* _EXERCISE INSTRUCTIONS_
Write out the listing from the line with "新的一年又到了,有準備好去哪" to the line with "豚肉のオイスターソース焼き、", both lines included, exactly and nothing beyond. Leave pictures out.

* _TASK INPUTS_

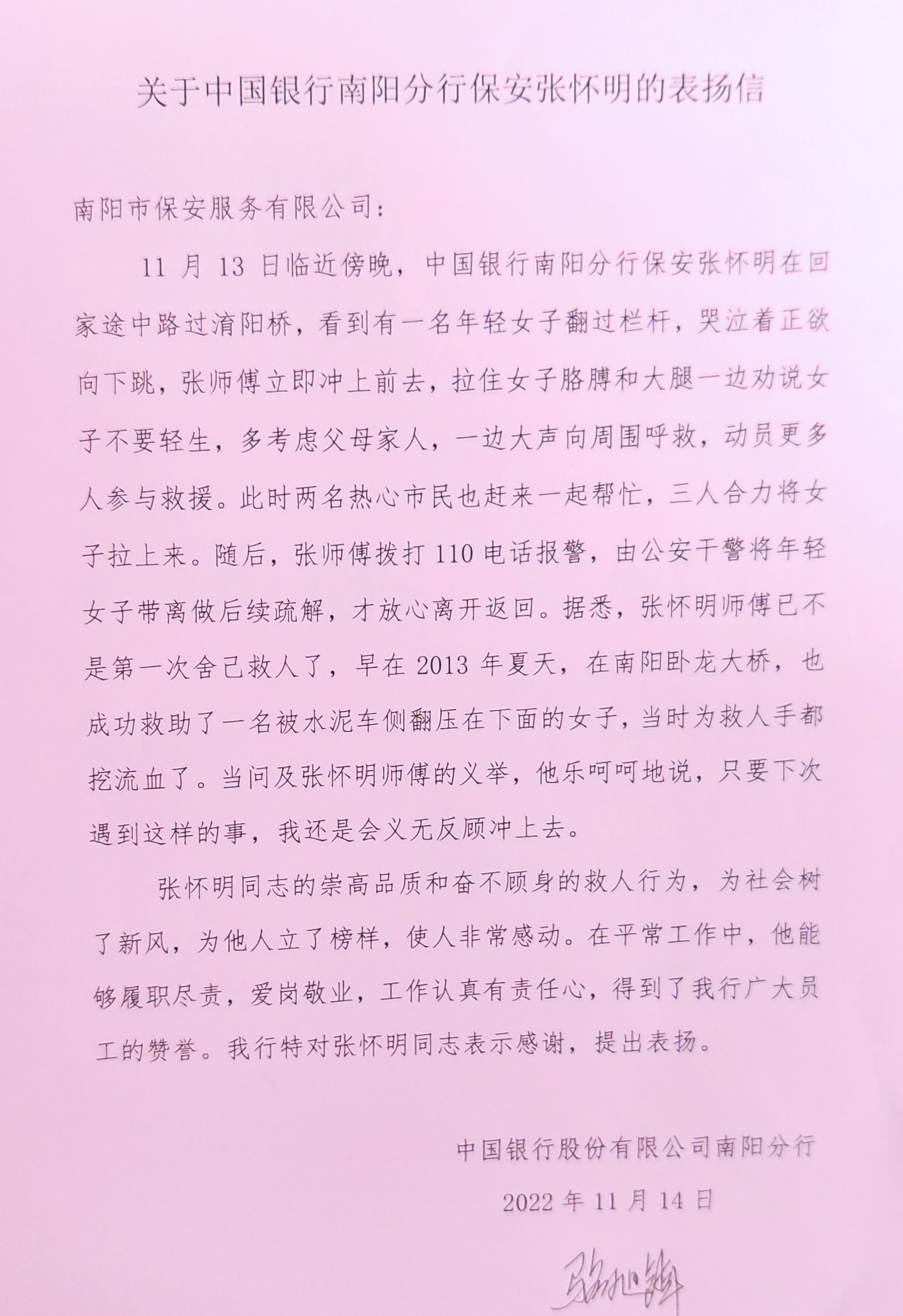 11月14日,中国银行南阳分行发给南阳市保安服务公司一封表扬信《关于中国银行南阳分行保安张怀明的表扬信》,信上说,“张怀明同志的崇高品质和奋不顾身的救人行为,为社会树立了新风,为他人树立了榜样,(他的
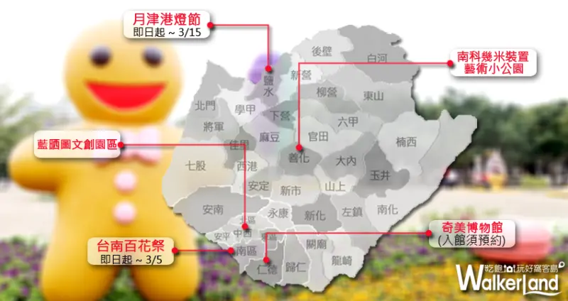 新的一年又到了,有準備好去哪裡玩了呢?2015年台南又多了好多新景點,從剛登場的月津港燈節,到超熱門的奇美博物館、藍晒圖文創園區,還有超可愛裝置的台南百花祭及南科幾米藝術小公園,喜歡旅遊的你去過那些了呢?如果都沒去過,走過、路過、千萬不要錯過這次的「台南走春懶人包」!
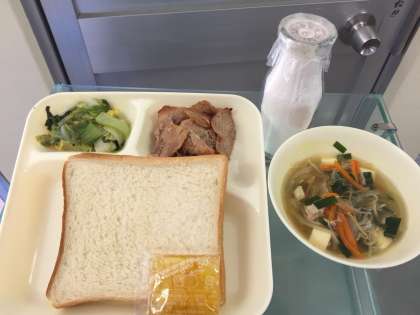 豚肉のオイスターソース焼き、糸寒天のスープ、ピリ辛あえ、食パン、マーマレード、牛乳。
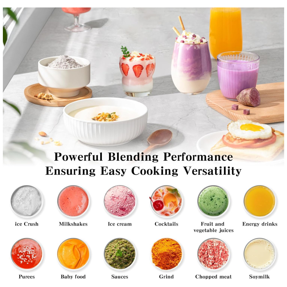 Liquidificador Inteligente e Multifuncional: Este liquidificador de cozinha pode ser utilizado não apenas como um espremedor, mas também como um fabricante de smoothies, moedor de carnes e triturador de gelo. Você pode picar cubos de gelo, moer nozes, grãos, grãos de café, fazer smoothies e batidas de forma rápida e uniforme em segundos. Para ingredientes alimentares duros, este novo liquidificador com quebra de parede pode identificar inteligentemente a dureza dos ingredientes em diferentes estágios de mistura e distribuir inteligentemente a velocidade de cada estágio de agitação.
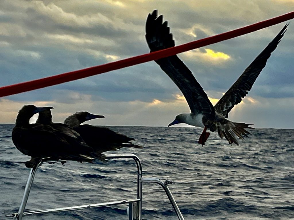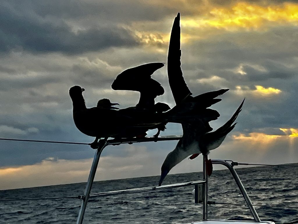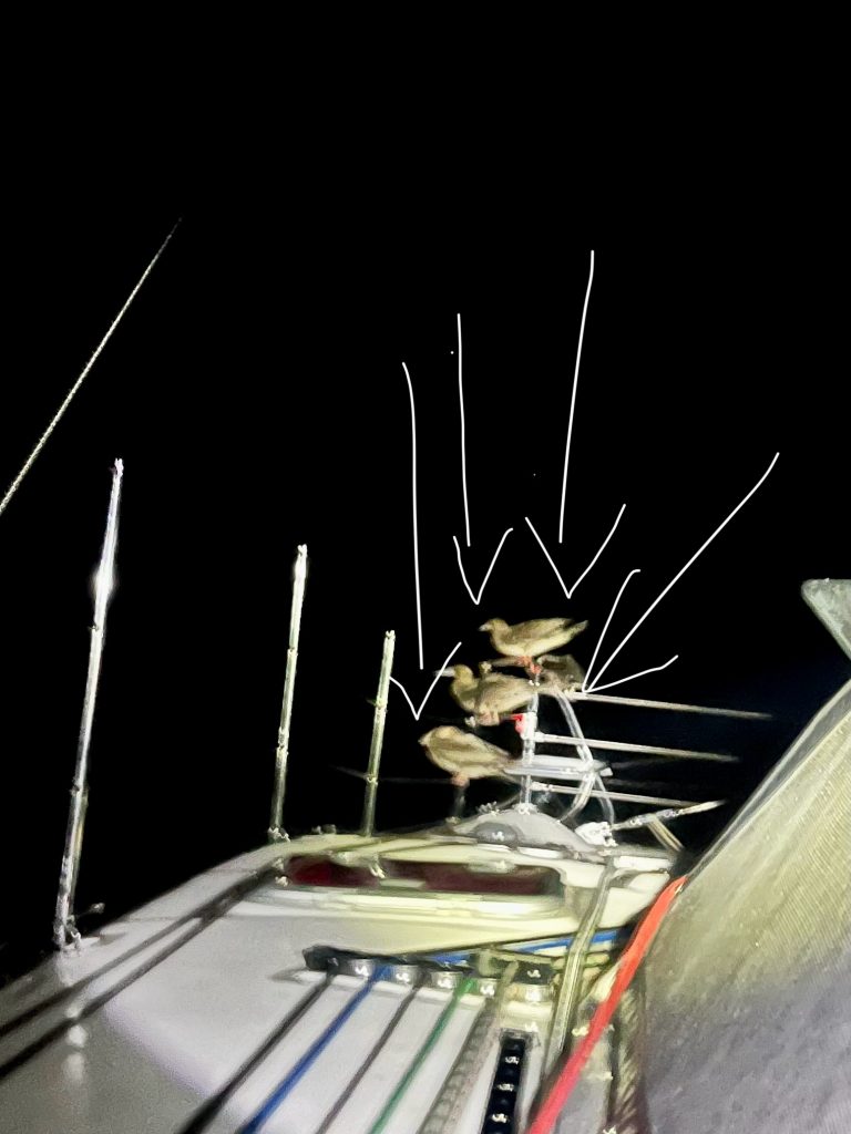 Drei Stunden später, wir sind noch immer nicht weit genug, aber schon im Randbereich. Meine Nachtwache läuft, das Wellenbild ist unruhig, aber Vorkommnisse gibt es keine. Sieben Seevögel haben es sich bei uns „bequem“ gemacht. Sogar auf der rechten, unbeliebten Seite sitzen drei.
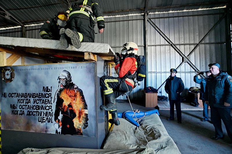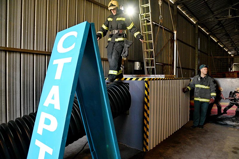 Настоящий «филиал преисподней» моделирует ситуации, с которыми газодымозащитники сталкиваются в реальных боевых условиях. Делали комплекс сами пожарные калужского гарнизона. Он должен помочь оттачивать навыки работы в сложных ситуациях, выносливость, психологическую устойчивость. Ползком, с заклеенными масками дыхательных аппаратов (на пожаре видимость практически нулевая), в амуниции, с инструментом - общий вес 25 килограммов, проходят полосу препятствий профессиональные пожарные.

* _EXERCISE RESULT_
 新的一年又到了,有準備好去哪裡玩了呢?2015年台南又多了好多新景點,從剛登場的月津港燈節,到超熱門的奇美博物館、藍晒圖文創園區,還有超可愛裝置的台南百花祭及南科幾米藝術小公園,喜歡旅遊的你去過那些了呢?如果都沒去過,走過、路過、千萬不要錯過這次的「台南走春懶人包」!
 豚肉のオイスターソース焼き、糸寒天のスープ、ピリ辛あえ、食パン、マーマレード、牛乳。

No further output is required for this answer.